Received: 2012-04-28
Accepted: 2012-06-10

Introduction

The chemical composition of the bottom sediments and its variation of different sites in the river Swarnarekha receiving the treated and untreated waste water from domestic and industrial sources have a profound impact on the water quality of the river basin. Water chemistry only assesses the effluent impact at the time of sampling while the bottom sediments geo-chemistry gives a cumulative assessment of pollution. Bottom sediments analysis has been used to trace pollutant inputs and to anticipate the effects of their pollutants on water quality.

In this work, the bottom sediments from different sites on the river Swernarekha around Steel City of Jamshedpur and Ghatsila was analysed for their multi-element composition with a view to establish the relationship between the pollution of rivers and the discharge of domestic and industrial waste waters.

Experimental

Sampling Sites
.

(i)         Swarnarekha River (Near Nirmal nagar, Sakchi) in February, 2012

Site IA – Discharge Sample

Site IB – River Water Sample (1 Km away from discharge)
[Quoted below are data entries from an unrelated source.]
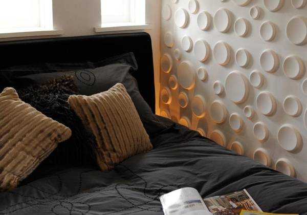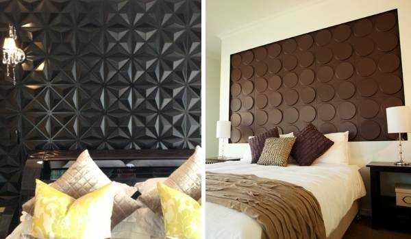 Некоторые изделия производители обтягивают натуральной или искусственной кожей, тканью, однотонной эмалью или шпоном. Такие 3д панели в интерьере спальни создают невероятную атмосферу уюта и теплоты домашнего очага.
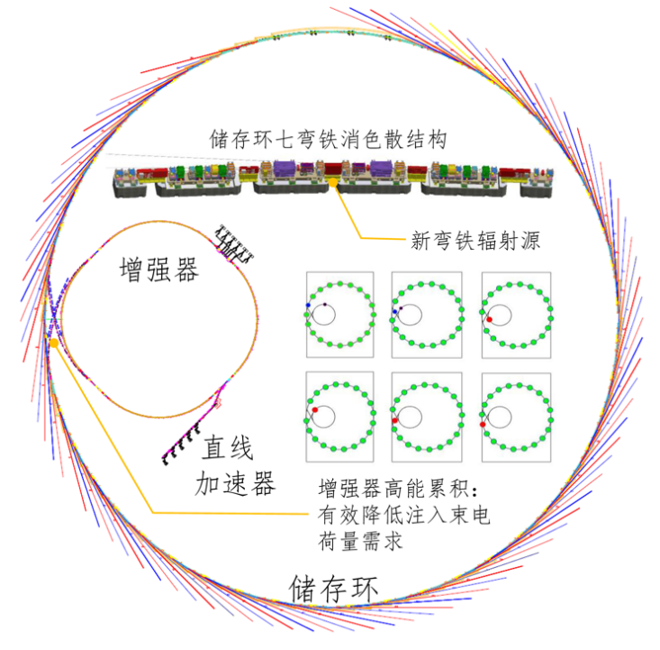 发展了新型磁聚焦结构、新弯铁辐射源的设计方法,提出基于高能累积的置换注入等方法,完成超低发射度的储存环整体物理设计,实现电子束自然发射度34pm∙rad,国际同类光源中指标最高。
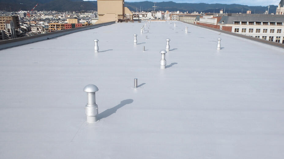 本事例では、改修時に既存防水層を撤去せずに「かぶせ工法」にて施工が可能であること。そして、ルーフバルコニーなどについては防滑性床ビニルシート「コリドール」を敷設し、意匠性が高められることが評価されました。
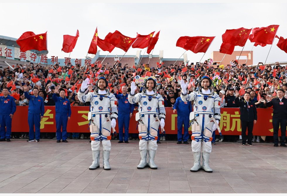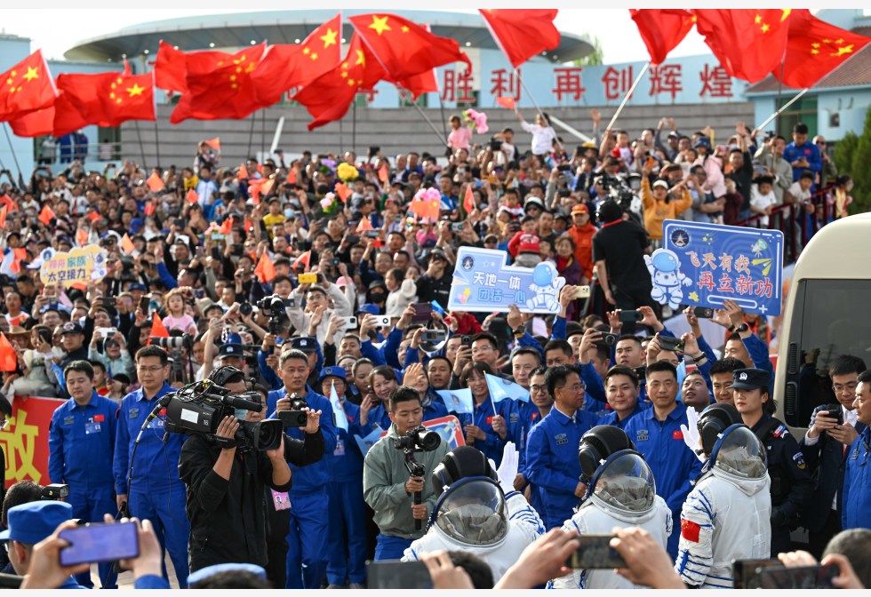 神舟十八号载人飞行任务太空人乘组出征仪式周四下午在酒泉卫星发射中心问天阁圆梦园广场举行。中央军委装备发展部部长、中国载人航天工程总指挥许学强下达“出发”命令,叶光富、李聪、李广苏3名太空人领命出征。3名太空人坐车前往发射塔架,沿路有大批民众欢送。
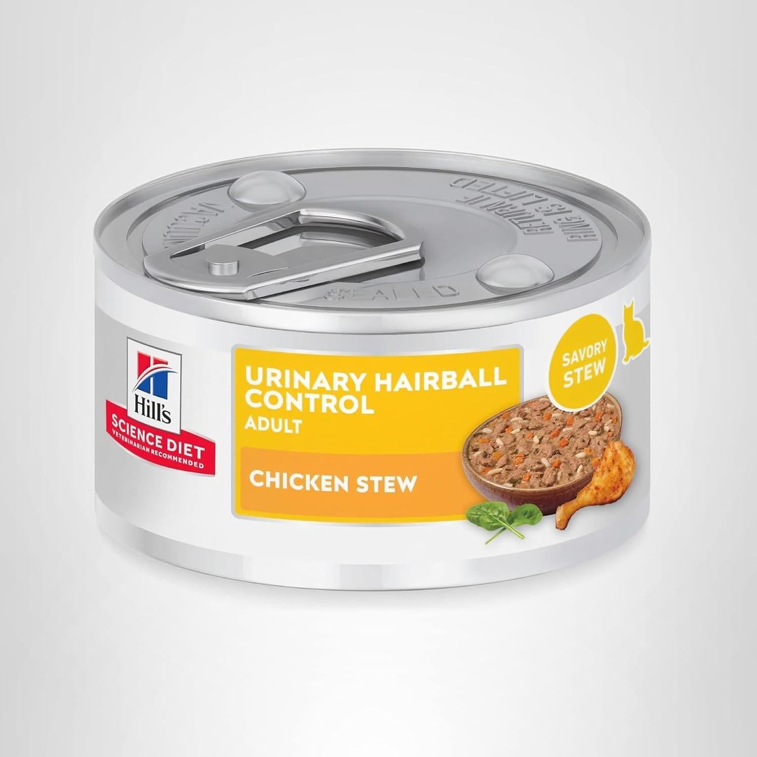 Hill’s Science Diet Urinary Hairball Control, Adult 1-6, Urinary Track Health & Hairball Control Support, Wet Cat Food, Chicken Minced, 2.9 oz Can, Case of 12(Chicken & Vegetables Stew)

(ii)        Swarnarekha River (Near Ghatsila) in March, 2012

(iii)       Site II A – Discharge Sample

(iv)       Site II B – River Water Sample (1 Km away from discharge)

Partitioning of waste water discharge sample

The sample was transferred into two 1 litre measuring flasks separately and then filtered through Whatman filter paper (No.-42) separately. Filtrate in all the cases were rejected. The residues in the above two cases were collected separately and treated as follows:

Residue-I

The residue obtained after filtration of the waste water discharge sample along with the filter paper was treated with 20 ml aqua regia and heated for 0.5 hours over water bath. It was then filtered through Whatman filter paper (No.-42) and the volume was made up to 500 ml with distilled water in a volumetric flask. The metals determined in this filtrate were the total metal concentration in this sample.

Residue-II

The residue obtained after filtration of 1 litre of waste water discharge sample along with the filter paper was leached with 50ml of 0.5 N MgCl2. 6H2O solution for 7 hours stirring from time to time and it was then filtered through Whatman filter paper (No.-42). The filtrate was then made upto 500ml with distilled water in a volumetric flask for the determination of adsorbed and/or ion exchangeable heavy metals (Eisenreich-1980). The residue left over on the filter paper along with the filter paper itself was then leached with 0.4 N sodium pyrophosphate solution for 10 hours stirring from time to time and then filtered. The filtrate was then made upto 500ml and heavy metals associated with organic solid were estimated from this filtrate. The residue along with filter paper was treated with 50ml 0.3 N HCl solution and heated at 90oC for 0.5 hr and then filtered. The filtrate, was then made, upto 500ml. Heavy metals in oxide coating were determine in the filtrate. The residue along with the filter paper was then treated with 20ml aqua regia and heated over water bath for 0.5 Hrs. It was then filtered and the volume of the filtrate was made upto 250ml. The metals determined in this last filtrate were designated metals in crystalline state.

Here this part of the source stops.